Cette discussion a toutefois le mérite de mettre une fois de plus en exergue notre profond attachement à la culture, mais aussi à nos sociétés publiques, lesquelles ont joué - et jouent encore - un rôle crucial dans les fondements même de notre identité. Faut-il d'ailleurs s'étonner que, dans le grand ensemble canadien, il n'y a pratiquement que des voix issues des minorités qui se soient fait entendre jusqu'à maintenant?

À celles de Jacques Godbout, Roger Frappier et Benoît Pilon s'ajoute en effet celle d'Alanis Obomsawin, réalisatrice légendaire, dont le témoignage se révèle particulièrement émouvant.

«L'ONF, c'est la liberté d'expression, affirme la cinéaste abénaquise dans la vidéo qu'elle a enregistrée à l'occasion de cette campagne. C'est la toute première institution à nous avoir donné une place. Avant d'y arriver, je ne savais pas qu'il existait un endroit au Canada où nos peuples pouvaient faire entendre leur voix. Le fait de nous voir à l'écran, de nous y reconnaître, a changé nos vies. Les politiciens et les gouvernements devraient montrer un plus grand respect envers cette institution.»

Au-delà de cet instrument à travers lequel une pluralité de voix et de points de vue peuvent se faire entendre, une institution publique comme l'ONF constitue aussi, comme le fait très justement remarquer le producteur Roger Frappier, un espace de «recherche et d'expérimentation».
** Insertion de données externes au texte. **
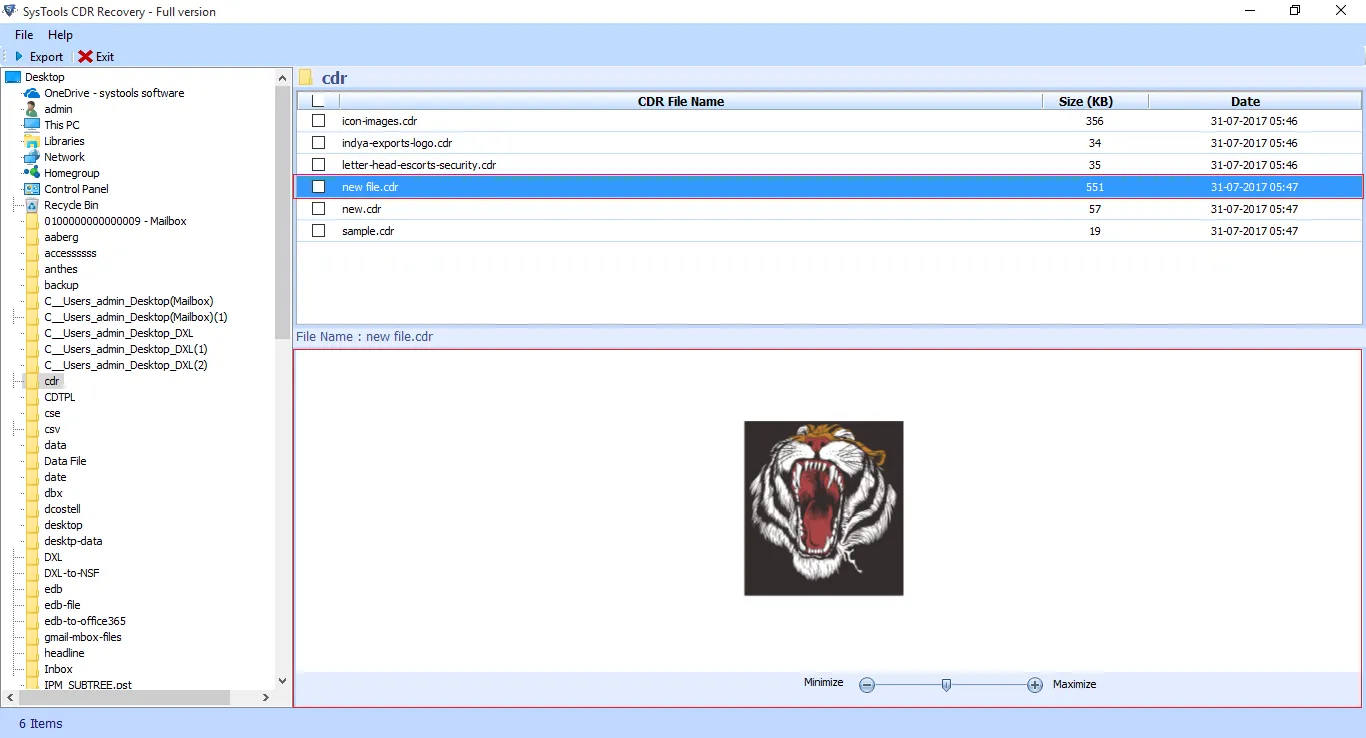 - Provides an option to export recovered data into CDR format, ensuring the integrity of the data and maintaining the original file structure.

C'est-à-dire que les créateurs disposent là d'un endroit où ils peuvent exercer leur art en travaillant à long terme, bien à l'abri des figures imposées que leur dictent les impératifs d'une industrie désormais axée sur la performance et le box-office.

Dans le contexte actuel, la présence d'une institution comme celle-là se révèle on ne peut plus précieuse. Quiconque se rend sur le site web de l'ONF pour utiliser le nouveau service de visionnage en ligne ne peut que célébrer la richesse du patrimoine cinématographique qui s'y trouve. Lequel, malgré les restructurations et les révisions de budgets, continue de se bonifier d'année en année.

Mais viendra-t-il un moment où l'institution ne pourra plus fonctionner adéquatement? Ce jour-là, s'il arrive, sera tragique pour notre peuple. Et la pérennité de sa culture. C'est ce que craignent les créateurs qui ont pris la parole cette semaine.

Le retour de l'enfant terrible

C'est un genre d'exploit. Tournant le dos aux organismes de financement, André Forcier a pris ses cliques et ses claques et a décidé d'aller tourner Je me souviens quand même, en faisant un beau gros doigt d'honneur au système. Sa fable militante, campée dans le Québec de l'époque de la grande noirceur, fait partie de ce que le réalisateur a fait de mieux depuis longtemps.

Juste revanche, le nouveau film de celui qu'on surnomme encore «l'enfant terrible du cinéma québécois» prend aujourd'hui l'affiche dans un circuit de près d'une vingtaine de salles au Québec. Et donne l'occasion aux cinéphiles de se confronter à une vraie personnalité de cinéaste.